Однажды мне приснилось, что я пишу стихи картинками. Отчетливо помню, как я вырисовывала шкаф. Картинки выстраивались в строчки, строчки организовывались в столбик. И эта пиктографическая поэзия во сне была мне не только предельно понятна, но и создавала необычный объем и сияющую глубину. Когда я проснулась, я тут же соотнесла свой сон с теорией, согласно которой поэзия гораздо древнее прозы, и в ее более древнем слове есть образ — внутренняя форма, направляющая мысль.
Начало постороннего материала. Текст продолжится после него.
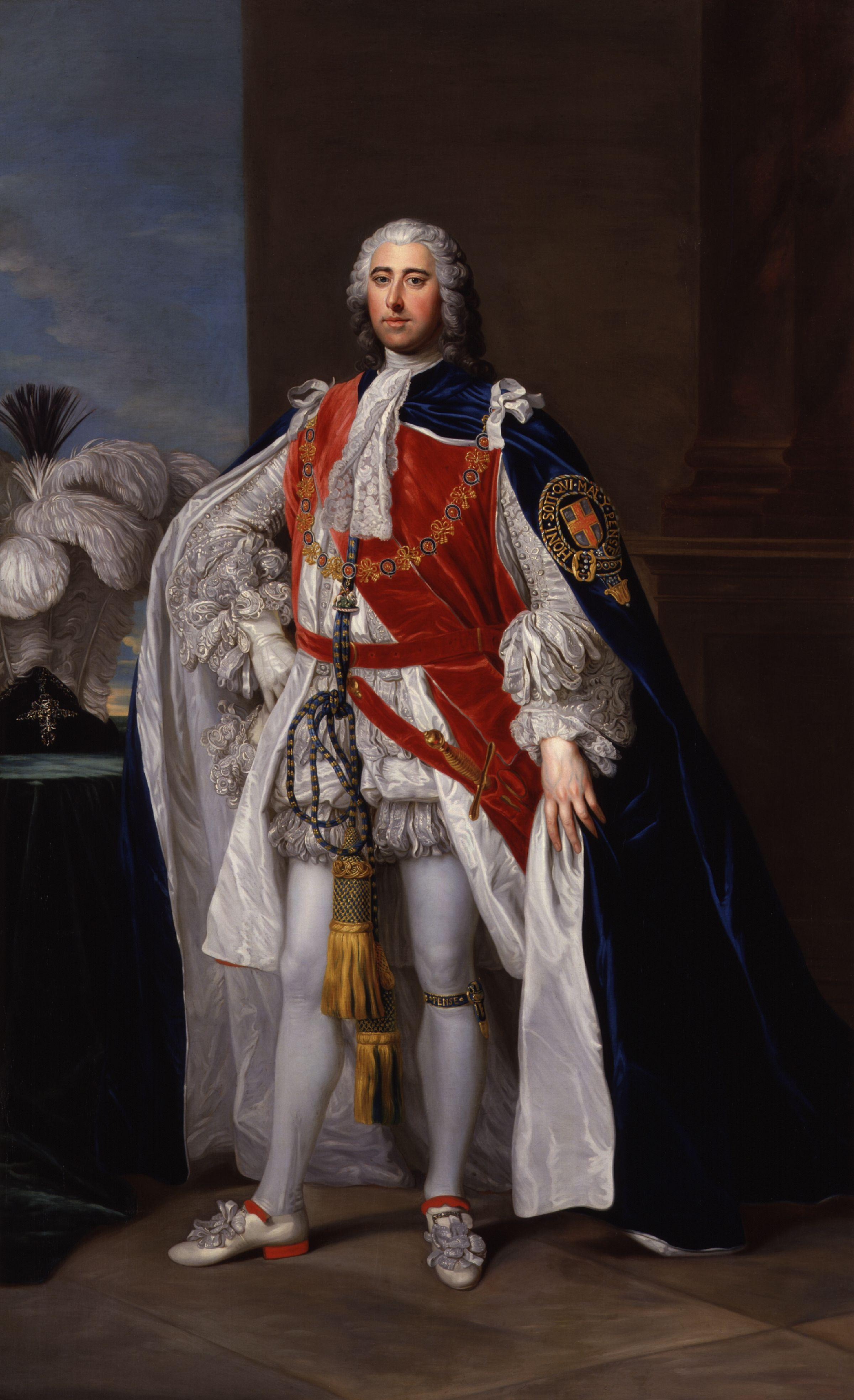 All images in this batch have been confirmed as author died before 1939 according to the official death date listed by the NPG.

Эта теория принадлежит известному филологу Александру Афанасьевичу Потебне1 . А наш современник, замечательный писатель и критик Леонид Костюков, развивая теорию Потебни о праязыке, пошел еще дальше. Он пишет о поэзии: «Это язык до строительства Вавилонской башни. Он был не условным (договорились называть вот этого зверька белка), а абсолютным. Ему не надо было учиться. Называя вещь, мы как бы вызывали ее; вообще не было резкой границы между именем и предметом. Близкое по звуку было близко по смыслу. Потом Бог наказал строителей башни — они позабыли общий магический язык, а взамен обрели много условных языков, лишенных магической силы. Так вот. В каком-то отношении, поэзия не смиряется с утратой и ищет в языке (английском или русском) обломки праязыка: магию звука, созвучия, пробует имена вечных вещей»2 . И еще я тогда, проснувшись, подумала, что этот сон отлично совместил в себе и древний способ пиктографического письма, и стихи, и, собственно, то, что мне это именно приснилось, потому что и древние слои сознания с их архетипическими образами, и поэзия, и сновидения — по сути, обращены к нашему бессознательному. Ведь язык бессознательного — и есть образы.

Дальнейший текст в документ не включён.